Intérpretes e visão: uma relação curiosa

As práticas recomendadas não deixam dúvida: ao posicionar a cabine de tradução simultânea, o organizador deve sempre zelar para que o intérprete tenha uma visão desobstruída do palco. O leigo pode se perguntar por quê isso tem tanta importância, considerando que os principais sentidos usados pelo intérprete são a audição e a fala.
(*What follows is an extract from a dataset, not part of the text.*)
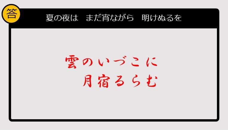 【この句の続きは?】夏の夜は まだ宵ながら 明けぬるを......

Explico então que os olhos dos intérpretes tem uma função primordial: acompanhar o que acontece na sala, a fisionomia dos palestrantes, as expressões da plateia, o entra-e-sai na sala, sem falar nos slides que estão na tela, que nem sempre são disponibilizados para os intérpretes com a devida antecedência.
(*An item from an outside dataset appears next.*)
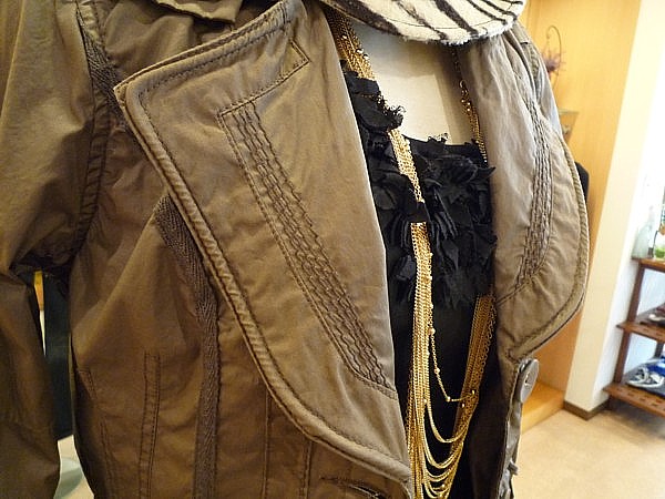 この秋冬は、メンズライクなデザインが目白押しです今回のジャケットも、その流れを汲むものです。 縫製時のテンションを調節して、 しわ感を出し、こなれた雰囲気を醸し出しています。 襟にもワイヤーが入っていて、自在に形作る事ができます。 今回はシンプルなインとボトムを合わせましたが、 パンチの効いた帽子とネックレスで、トレンドを 盛り込んでみました

Sem uma linha de visão, ainda que  torta, não consigo desenvolver o que chamo de “conference room awareness”. Fico à deriva, boiando num caldo de palavras, sem saber muito bem para onde a corrente vai me levar. Falta-me o rapport com a plateia e  o elo visual com uma figura de palestrante.

Trabalhar nessas condições não é impossível. Mas agradável também não é.

Interpretando às cegas: um exemplo extremo

Pra mim, a interpretação remota de teleconferências de resultados financeiros é o exemplo extremo, a situação em que a falta de visão dos palestrantes e de um contexto geral de sala mais atormenta o intérprete. São vários os desafios desse tipo de trabalho: da terminologia financeira às condições de áudio e a tsunami de números batendo, um após o outro, incansavelmente; porém nenhum obstáculo me parece pior do que a ausência de uma figura humana na minha frente.

Luz, sombra e seu efeito sobre a concentração do intérprete

Se a falta de referência visual atrapalha, devo dizer que o meu cérebro tem curiosa intolerância a ambientes fortemente iluminados. Intolerância é um modo suave de falar que me desconcentro e ele praticamente enguiça. Não sei a partir de quantos fótons o desempenho cai, mas fico ansiosa para voltar para a penumbra logo que a luz dos refletores começa a vazar para dentro da cabine de tradução simultânea.

Luz do dia e lâmpadas fluorescentes são as piores para minha concentração. Mais de uma vez, em salas de reuniões, corri para discretamente fechar as persianas e tornar o ambiente mais propício à concentração.

Ainda mais curiosa é a intolerância visual que surge lá pela sexta hora de trabalho em cabine ou 12o palestrante, o que vier primeiro. Mesmo na sala mais bem iluminada do mundo, com o cérebro exausto, tenho a sensação de que a informação visual da sala começa a me atrapalhar.  É a fase do information overload. Tudo e qualquer coisa, até o formato da cadeira prejudica o esforço de me manter focada na mensagem, a minha e a do palestrante.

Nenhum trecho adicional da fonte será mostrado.